Verified by Psychology Today

Senses: Plugging In

How computer-to-computer trumps face-to-face

You've heard it a million times: Online interactions, devoid of nonverbal cues, are hollow shells of real conversations. But this won't be the case for long, counters Jeremy Bailenson, a Stanford researcher and coauthor of Infinite Reality.
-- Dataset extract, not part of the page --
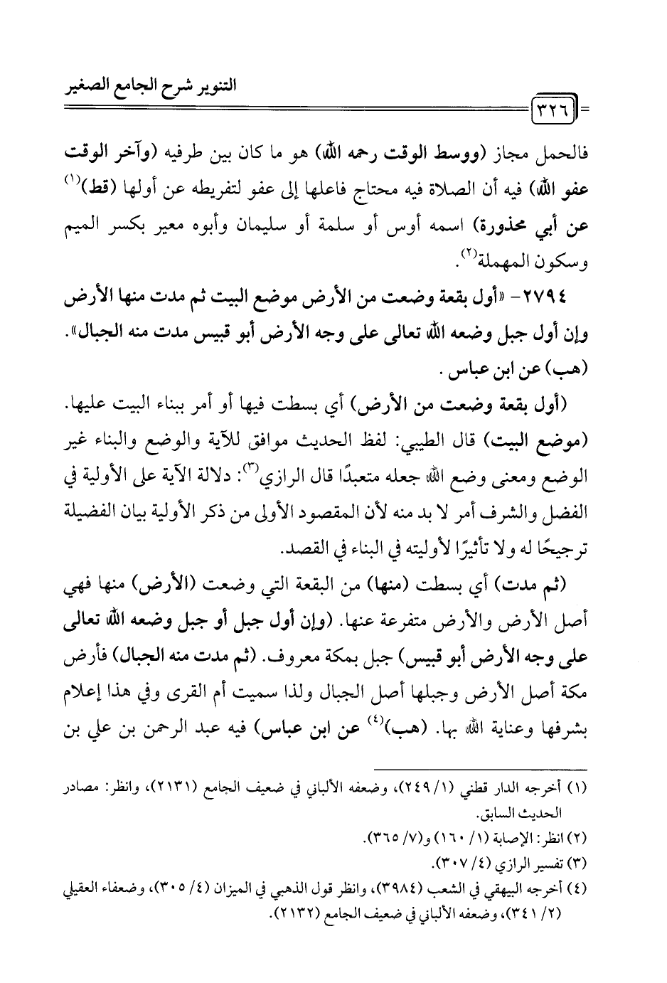 2794 - "أول بقعة وضعت من الأرض موضع البيت ثم مدت منها الأرض وإن أول جبل وضعه الله تعالى على وجه الأرض أبو قبيس مدت منه الجبال". (هب) عن ابن عباس.

"I have zero doubt that in the future, mediated interactions will be more intimate than face-to-face ones," he says. "You'll have communicative abilities that dwarf the ones you have in physical space." Computer-mediated exchanges can ratchet up those aspects of conversation that make us feel engaged and connected. Here are a few ways different devices, add-ons, and software programs may someday make long-distance communication the most intimate type of talk. —Andrea Bartz

Sight

Eye Spy

In a normal convo, a speaker can only look one person in the eye at a time. Not so in a mediated environment (which could mean a simple video chat or a fully immersive environment—think goggles, movement-sensing suits, and a virtual "room"). A computer could cheat someone's gaze so that everyone else gets individual eye contact. "Three sons would all feel they're getting the lion's share of Dad's attention," Bailenson says.

Mirror, Mirror

Mimicked movements and expressions make the impersonated feel more connected with the impersonator. With a digital interaction, you needn't consciously copy to buoy that connection—a computer could adjust your computer stand-in for you. Bailenson's team tested the idea with "a slow moving mirror," he says: An avatar delivered a message while mimicking participants' head movements (vs. holding still); subjects found the digital speaker more persuasive, credible, trustworthy, and intelligent.

Touch

Seal the Deal

A device in Bailenson's lab lets people shake hands remotely; when two people grasp joysticks, they feel the other's shake. Fudging the output boosted feelings of closeness; when people thought they were feeling a partner's shake but actually got their own returned, they liked the partner better and were nicer in negotiations, according to a study in the Journal of Nonverbal Behavior.

Good Vibrations

Driving while talking on the phone is more dangerous than chatting with a passenger because car mates shut up when the road gets perilous. Joris Janssen, a Dutch researcher, wondered if phone buddies would do the same if they sensed a driver's tenseness—say, from sensors on a steering wheel. He strapped electrodes onto drivers' fingers and transmitted their arousal levels to unseen conversation partners' vests, which vibrated when the drivers' arousal increased. "It's a pilot study," says Janssen, "but the use of biosignals as communicative tools looks promising."

Sound

Telltale Heart

Subjects who chatted in a virtual reality environment while hearing their conversation partner's heartbeat stepped back to put more space between them. "That's how we react when an exchange feels too intimate," Bailenson says. People also felt more connected to their partners afterward, and the jumps in reported intimacy were as great as the boost from looking each other in the eye. Bailenson thinks we may someday improve digital communication by adding a tactile heartbeat indicator—imagine chatting on the phone while wearing a ring that beats in rhythm with your partner's ticker.

Vocal Point

Not only do we like people who mimic our movements; we also prefer those who look and sound similar to us. In an unpublished study, Bailenson subtly morphed voices so that the speaker sounded more like the listener. "Again," he says, "we find that when it's subconscious, when I don't consciously recognize that you sound more similar to me, you become more influential."